Vince is older and wiser than the other kayakers, a middle-aged man with a serious job back there in the real world—he’s a high-powered banker—who has only come along to keep his teenage daughter company. The daughter, Louise, is almost as strange to him as the fierce and unpredictable river. Banking keeps him mostly in London, while she lives in the country with her mother. The mother, an expert kayaker who should have been with her on the trip, has suddenly died of a heart attack and in the aftershock he is trying, without much enthusiasm or success, to reestablish a relationship with his child.

More important to him, he is trying to reawaken feelings in himself. Falling in love with Michela is part of the process, but his true salvation is action. The two themes come dramatically together in a shallow cave beneath a waterfall, with the whole weight of the river crashing down beyond it:

Suddenly, it seemed essential that he should have come here, that he should know this cold, roaring place, at the heart of everything, he thought, but dark and hidden. It’s important that there are places like this. He couldn’t think why. But he knew the Italian girl would be coming. Any moment. He waited, breathing the saturated air. Sure enough, she suddenly blundered forward through the water and against him. He could just make out her pale face as she yelled something inches away. What was it? He couldn’t hear. She pulled him against her. Her hands had fastened tight on his jacket. Their cold wet faces are together now. Still she was yelling something. The water thundered. He shouted: I’m crazy about you. Absolutely crazy! He was shouting at the top of his voice knowing she couldn’t hear. I do nothing but watch you. She shook her head. Their eyes had caught each other, gathering a faint brightness from the shadow. Something was quivering there. She put her hands behind his head. Their helmets banged. And for perhaps three or four seconds she pressed her cold lips to his. Then she let go.

The action prose, Hemingway-style, clipped and urgent, is carefully deflated by those banging helmets. It is also supposed to be a moment of revelation, like the incident in the Marabar caves in A Passage to India. When asked about it later, Michela, who goes on—unsuccessfully—to attempt suicide, calls the cave behind the waterfall the “last place on earth…terminal,” while Vince says it is “like a place…I kind of always knew existed but had never been to.” What she sees as a moment of darkness in a bad place is, for him, a way through to his own heart after years of loveless marriage. In the closing pages of the book, these two ways of looking come together, though not quite as you would expect: when Vince finally gets into bed with the woman he says he’s crazy about, he doesn’t dare touch her.

Yet daring is what he’s been seeking, “the delirium of the real thing …the highly levered gamble,” he calls it. As it works out, Vince has found it not with Michela but in the risky business of white-water kayaking. After a lifetime chained to a desk and juggling numbers, he finds himself thinking with his body instead of his weary head, and his world is suddenly transformed:

Vince’s body ached in various places from yesterday’s adventure, but when sitting down to meat and wine these are not unpleasant aches, more reminders of being alive…. There comes a point when a wound makes you more aware of the healing process than the damage.

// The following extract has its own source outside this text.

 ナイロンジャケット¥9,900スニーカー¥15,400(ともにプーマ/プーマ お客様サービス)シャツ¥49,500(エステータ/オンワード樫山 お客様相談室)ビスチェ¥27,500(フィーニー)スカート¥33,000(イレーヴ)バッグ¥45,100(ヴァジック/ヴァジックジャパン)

Michela has gone through a similar process, with exactly the opposite result. She knows all about the perils of white water and for her it’s now a sham:

I think…so many of these people who do dangerous things on rivers and mountains are afraid. It’s funny, but I’m pretty sure. Afraid of dying, afraid of settling down. Afraid of life beginning really, and afraid it will never begin. These sports are something you do instead of life…. Do you see what I’m trying to say, Mr Banker? They’re things people do instead of living. Really, you should tell your bank to invest in all these high-risk sports because it’s what everyone really wants. Hang-gliding, deep-sea diving. To feel they’re really living, when they’re not in danger of living at all.

It is a familiar, sensible, wifely argument, but Vince is not impressed. He has made up his mind: he will resign from the bank and start an adventurous new life here in the Alto Adige, though whether it will be with Michela or without her is not yet decided. In this brave new world of his, love may come and go, but the adrenaline rush is forever.

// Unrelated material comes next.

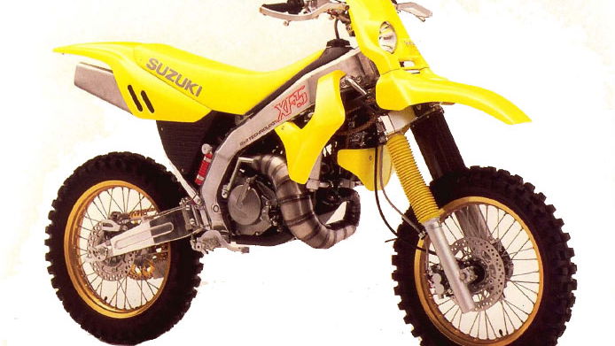 For a while, two-wheel-drive concept bikes were all the rage, both as off-roaders like Suzuki’s 1991 XF5 (top) and as high-performance road bikes like the same firm’s 1986 Nuda (above).

Surviving against the odds in hostile environments is one of the attractions of high-risk sports, but the Aurino in spring, swollen with glacial meltwater, is nothing like as hostile an environment as the marriages in Parks’s collection of short stories, Talking About It, where rancor is all and no one is happy. The husbands are lustful and on the make, the wives thwarted and cold, and all of them are chronically, wearyingly unfaithful—to their lovers as well as their legal partners. The two doctors in “Keeping Distance” seem to get on and have had ten years of good company and great sex while they pursued their separate careers, he in Italy and she in Germany. But once they marry, they become intolerable to each other:

A lot of their time together passed without words, not in the silence of resolution and serenity, but against the background of a nagging tension, of something unresolved, unsettled between them, which they were becoming less rather than more capable of talking about.

So they divorce “on the grounds of complete incompatibility” and then live on happily, hundreds of miles apart, but seeing each other most weekends. “It was so much easier than taking local lovers with all their demands, their insistence on consequences.”

Since disappointment, boredom, and distaste are the best Parks’s couples can hope for in marriage, keeping each other at a distance is a way of staying sane. Parks takes up the theme again in “Lebensraum,” but even more bleakly because this time there are two generations at each others’ throats (three, if you count the squabbling children). Lebensraum is what the grandfather once had when he worked in the Middle East and, as he tells the assembled family (including his wife), his reasons for going were selfless and impeccable:

The truth about my going to Saudi, for those who have eyes to see it, is that finding myself condemned to spend my life with an argumentative, ignorant woman who just would not understand where my or her own responsibilities lay, I chose, what? To leave her in the lurch as any normal man would do?—no, simply to work overseas for a few years so as to avoid insanity or suicide or worse.

Now he is back home, his Lebensraum is reduced to nothing more than sneaking out for a morning coffee or a newspaper or a pack of cigarettes—anything to get himself out of the house—and he grieves for its loss. “It means,” his daughter explains, “that not being able to get away from one another, they take delight in making hell for each other,” although in this instance making life hell begins as just another of those games families play over long, drunken lunches:

There was, on their six faces, the glow of people having a good time eating and drinking and merrily exorcising all the little irritations that made living together so heroic.

Domestic venom is clearly a subject that inspires Parks, even if this time it ends in disaster: grandma kills grandpa in a drunken postprandial brawl; their daughter can’t reach her husband to tell him because he’s slunk off for a rendezvous with his newest girlfriend.

But that’s how it usually is in the loveless marriages Parks writes about: restless husbands call home improvements “padding the cell” and boast to their mistresses, “inertia will pull me through in the end.” The dissatisfied wives, abandoned by their lovers, watch their sleeping husbands and think, about love as well as orgasms, “Is there anything one cannot fake?”

Parks is strong on irony and he doesn’t take sides in so many words. But in the end he seems to dislike most of the characters he creates in these stories almost as much as they dislike one another. The world he describes, in a suitably affectless prose, is brutal, squalid, and a long way from the Aurino.